Kubernetes version: v1.25.6
Vault version: v1.12.1

1. It kept getting 403 permission denied from /v1/auth/kubernetes/login for about 30 minutes long time before suddenly got desired secrets successfully at vault-agent-init stage. Sometime it never got success after even several hours.

Error:

==> Vault agent started!
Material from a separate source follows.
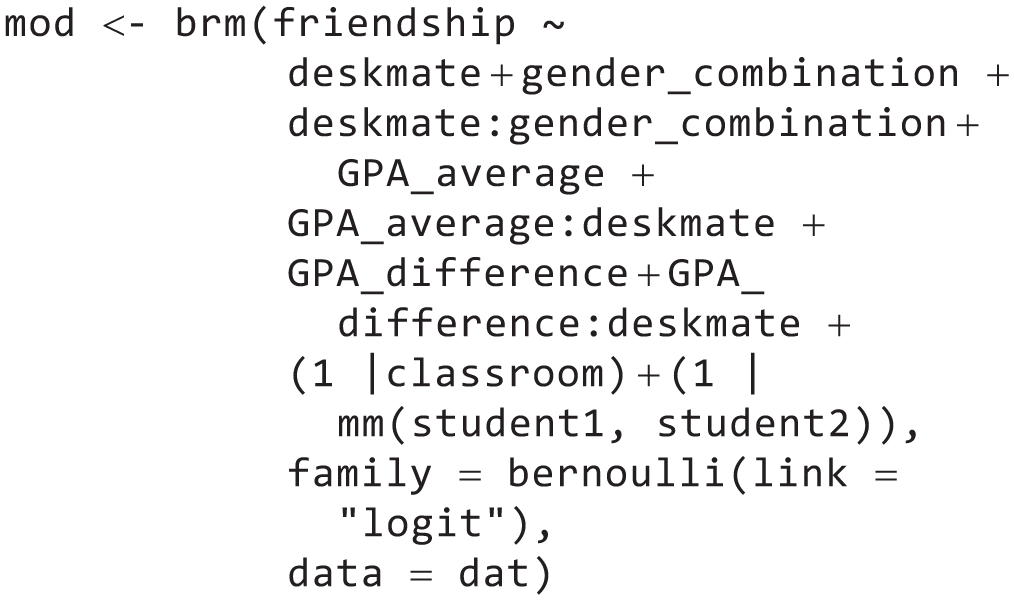 The unit of observation in this analysis is pairs of students that are nested within classrooms. For each pair, we know (a) whether they are

Log data will stream in below:

==> Vault agent configuration:

                     Cgo: disabled
               Log Level: info
                 Version: Vault v1.12.1, built 2022-10-27T12:32:05Z
             Version Sha: e34f8a14fb7a88af4640b09f3ddbb5646b946d9c

2023-04-03T15:42:38.374Z [INFO]  sink.file: creating file sink
2023-04-03T15:42:38.374Z [INFO]  sink.file: file sink configured: path=/home/vault/.vault-token mode=-rw-r-----
2023-04-03T15:42:38.374Z [INFO]  template.server: starting template server
2023-04-03T15:42:38.375Z [INFO] (runner) creating new runner (dry: false, once: false)
2023-04-03T15:42:38.374Z [INFO]  sink.server: starting sink server
2023-04-03T15:42:38.375Z [INFO]  auth.handler: starting auth handler
2023-04-03T15:42:38.375Z [INFO]  auth.handler: authenticating
2023-04-03T15:42:38.375Z [INFO] (runner) creating watcher
2023-04-03T15:42:38.381Z [ERROR] auth.handler: error authenticating:
  error=
  | Error making API request.
  | 
  | URL: PUT http://vault.vault.svc:8200/v1/auth/kubernetes/login
  | Code: 403. Errors:
  | 
  | * permission denied
   backoff=1s
2023-04-03T15:42:39.381Z [INFO]  auth.handler: authenticating
2023-04-03T15:42:39.383Z [ERROR] auth.handler: error authenticating:
  error=
  | Error making API request.
  | 
  | URL: PUT http://vault.vault.svc:8200/v1/auth/kubernetes/login
  | Code: 403. Errors:
  | 
  | * permission denied
   backoff=1.62s

2. Sometime it got authenticated at /v1/auth/kubernetes/login soon, but then threw the error like:

# (Can't get the output now, but something like this:)
vault.read(myapp/data/postgres/config), vault.read(myapp/data/postgres/config)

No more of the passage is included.